Why Rebellious Teenagers are Actually a Good Thing

For most parents, it can be complicated to adjust to having a rebellious teenager in the house. You might even worry that your teen will eventually become law-breaking adults, and you’ll have to tell them I told you so from prison cells across the country. But don’t panic just yet!

Trust your instincts

Is your child being rebellious? How do you know? Every parent knows that teenage rebellion is inevitable. What we often don’t know is what makes our child unmanageable, and what do we do about it? Your first instinct might be to get angry or frustrated when you hear your teenager telling you they’re going out with their friends. But believe it or not, teenage rebellion can benefit them in ways that will help them in future relationships and work environments. Here’s how

Use visual aids

Use infographics, videos, or links to previous articles you have written. Remember – if you can’t explain something in simple terms, then your audience won’t be able to understand what you have to say. This is especially true when it comes to teenagers and teen rebellion. You need to explain things in a way that connects with them emotionally, or they won’t listen! That is why using visual aids can help with explaining how everyday teen rebellion helps teenagers grow up better in adulthood than those who were obedient teenagers. Your infographic could also include tips for parents on how they can help their children get through their rebellious years without having ongoing emotional issues, which may make them more challenging as adults.

Listen, then talk

You might think that being rebellious is a sign of poor parenting, but it’s normal for teenagers to resist authority. When you were in your teens, did you do everything your parents told you to do? As a parent, remember that bad behavior may be about something other than just misbehavior—what appears to be an intentional act of defiance may be more like an identity crisis. Reassure them and let them know they aren’t in trouble. They’re not doing anything wrong; it’s part of growing up.
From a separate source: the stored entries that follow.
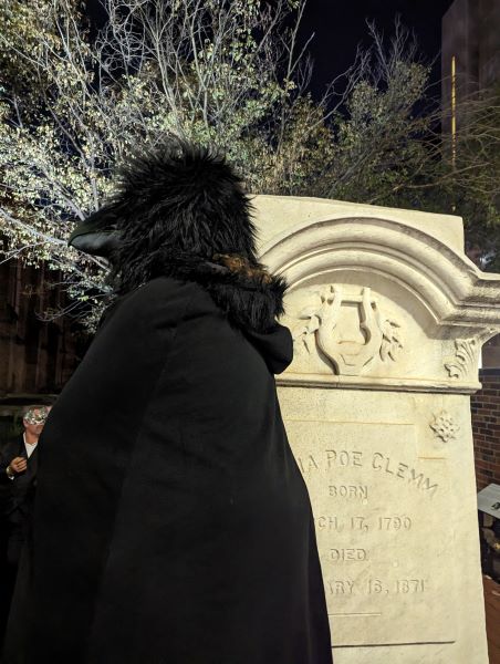 PoeBlackCatBallWayneAtGraveAsRaven
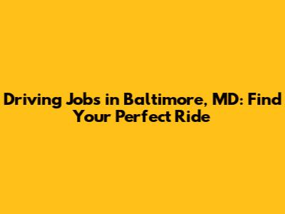 Driving Jobs In Baltimore, MD: Find Your Perfect Ride
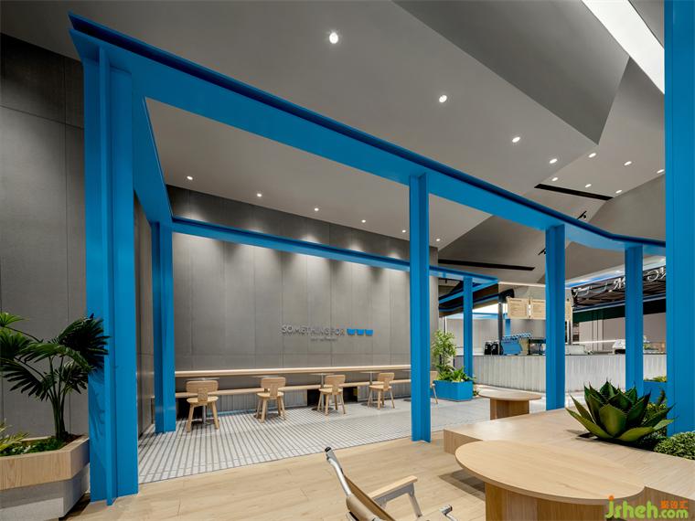 坐落在松山湖中庭區(qū)域,something for擁有一面面對(duì)中庭,一面面對(duì)室內(nèi)通道的場(chǎng)地條件??Х葟d設(shè)計(jì)師決定把休閑庭院的感受再次帶給用戶,讓人們能在此地享受片刻閑暇。

Reassure them they are safe.

What is everyday teenage rebellion? - Know that normal teenage rebellion doesn’t mean you have to put up with any crazy behavior. If your teen is being so rebellious that they’re breaking the rules and staying out late, you might want to consider setting some new boundaries or at least putting your foot down on what you will accept. You should let them know that there will be repercussions if they continue in negative ways, but avoid making it so terrible that they would instead rebel than accept the consequences. Once again, it’s all about knowing when to respond and when not to (don’t escalate).

Reassure them they aren’t in trouble.

While it may be hard to do, try to reassure your teenager that you’re not upset with them. Remind them that you’re concerned about their safety and would like to help them learn how to drive more safely. Offer your support for any steps they want to take to address their driving issues and suggest ways they can get help if they need it. Remember that teens need boundaries, but if you keep things calm, they’ll likely take your words seriously.

Don’t get angry

Getting angry is only going to make things worse. A common misunderstanding of rebellious teenagers is that they’re trying to defy authority. In reality, teens rebel because they want their voices heard and their needs met. So instead of yelling at your kid, try asking open-ended questions about why they did what they did and how you can help them meet their needs in other ways. For example, I understand you didn’t like that curfew, but I need to have the structure right now. How can we find a curfew time that works for both of us? Keep things positive!

Don’t escalate the situation.

It’s normal for teenagers to try pushing boundaries and testing their parents, but it can be easy to react in anger when you feel your son or daughter is especially difficult. However, if you don’t respond with your aggression and instead communicate calmly what you expect from them and how they should behave, they might learn something. If they refuse to comply, that doesn’t mean they aren’t listening—it may just mean they are rebellious. It would help if you didn’t give up at that point; continue conversing with them until you find some common ground. Teenagers often reach out to their parents if they need help or want someone to listen.